Creating Dutch dictionary for android

As a follow up to yesterdays post, a howto for creating the LatinIME dictionary (in this case raw-nl/main.dict) files!

All info necessary to do so is readily available on http://code.google.com/p/softkeyboard/wiki/BinaryDictionaries

As a base, you need a wad of decent text, the more the better! The quality of the dictionary will improve as more data is fed into the file. The example on SoftKeyboard uses the Wikipedia for bulk text!

The dutch dump is available on http://download.wikimedia.org/nlwiki/20100813/ Considering the different dumps, I chose the one containing the Articles, templates, image descriptions, and primary meta-pages, but not the revision or user data..

2010-08-13 16:17:13 done Articles, templates, image descriptions, and primary meta-pages.
2010-08-13 16:17:13: nlwiki 1003105 pages (382.643/sec), 1003105 revs (382.643/sec), 92.5% prefetched, ETA 2010-08-13 16:59:24 [max 1971556]
This contains current versions of article content, and is the archive most mirror sites will probably want.
pages-articles.xml.bz2 549.0 MB

The Softkeyboard explenation offers the following bash script to analyse the wad of text into a weighed word list.

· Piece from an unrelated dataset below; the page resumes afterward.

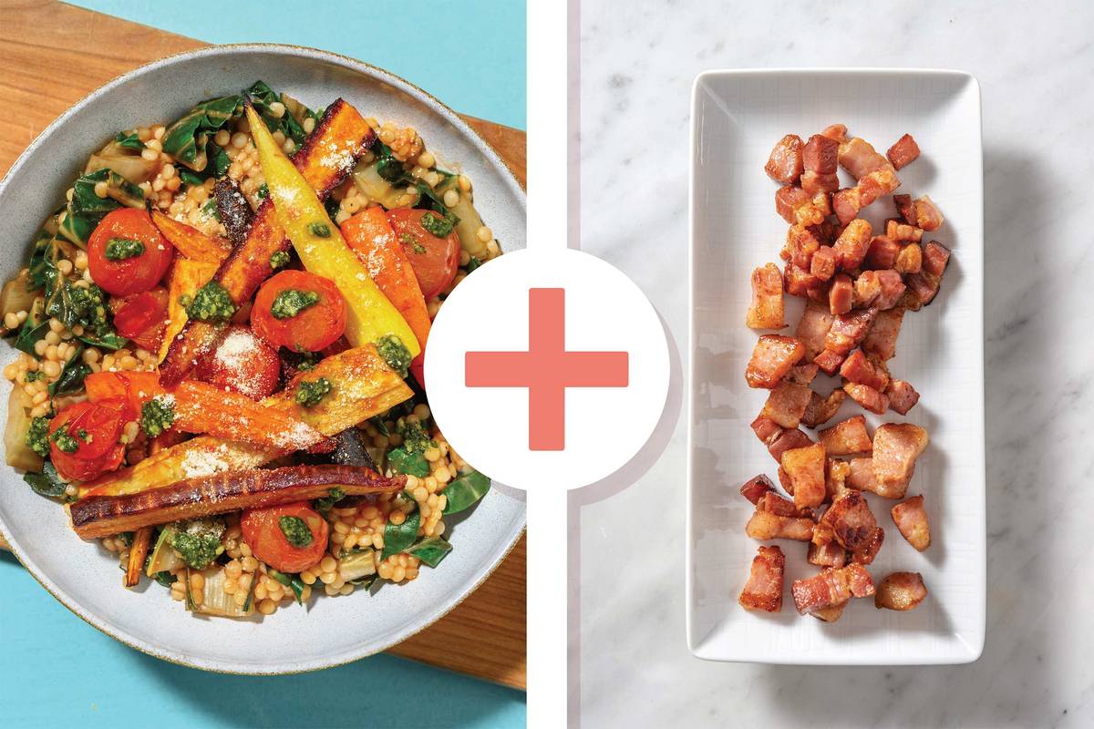Custom Recipe: If you've added diced bacon to your meal, heat a large frying pan over medium-high heat with a drizzle of olive oil. Cook diced bacon, breaking up with a spoon, until golden, 6-7 minutes. Stir the bacon through the couscous along with the spinach, butter and brown sugar.

My blog screws up code, check gertschepens.be or the original page for the commands
Code from Softkeyboard, contributed by Jacob Nordfalk

This creates a weighed and sorted list of the words in the file. The more data, the more reliable this set will be. (The database dump of a dutch forum would be a nice addition to get more of the common language in there, as a counterweight to the dictionary wording.)
The weighed values are between 194 and 8671269 (this is the # of times a word is found in the text) in case of this specific export. The sample.xml however speaks of a frequency value from 0 to 255.

So I created a perl script to fix the numbering; the script needs a sorted list, frequent words first, infrequent ones later. It cycles trough and replaces the initial numbering (in the correctly formatted xml) by the weighed alternative.

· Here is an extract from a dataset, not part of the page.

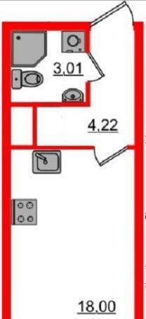 Студия Санкт-Петербург ул. Тосина, 6 (26.88 м²)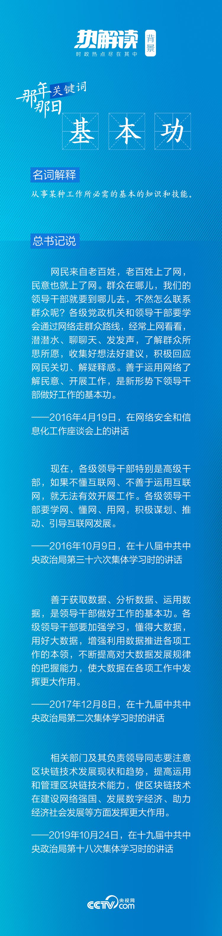 《熱解讀》關注到,這次重要講話中所提的“基本功”,之后總書記又多次提及,并反復強調互聯網時代領導干部“運用網絡”的重要意義。

The source is not available here for formatting reasons; click the Perl script link!

Once we have a decent .xml, all we need to do is convert it to the necessary .dict format, which is described in the Softkeyboard text; and the necessary software is in their repositories.

After this, we have a valid main.dict file, ready to be compiled into a LatinIME pack. Compiling all languages into the pack will not be possible due to very limited space on the system partition (My magic has about 1 MB free space on its /system partition), so a solution will have to be found to store the dictionary files out of the LatinIME keyboard apk. (which is preferable at any rate!) My dutch dictionary was submitted to CM but will probably not make it in until the external/internal dictionary problem is solved! (in the mean while, Im using a home-rolled version! The default CM keyboard with added raw-nl, currently available here)

Edit: I apparently typed “SoftPedia” a couple of times instead of “the Softkeyboard Wiki” – Must’ve been very tired while putting that together :/ Sorry for the confusion. At any rate – all the necessary links are in there.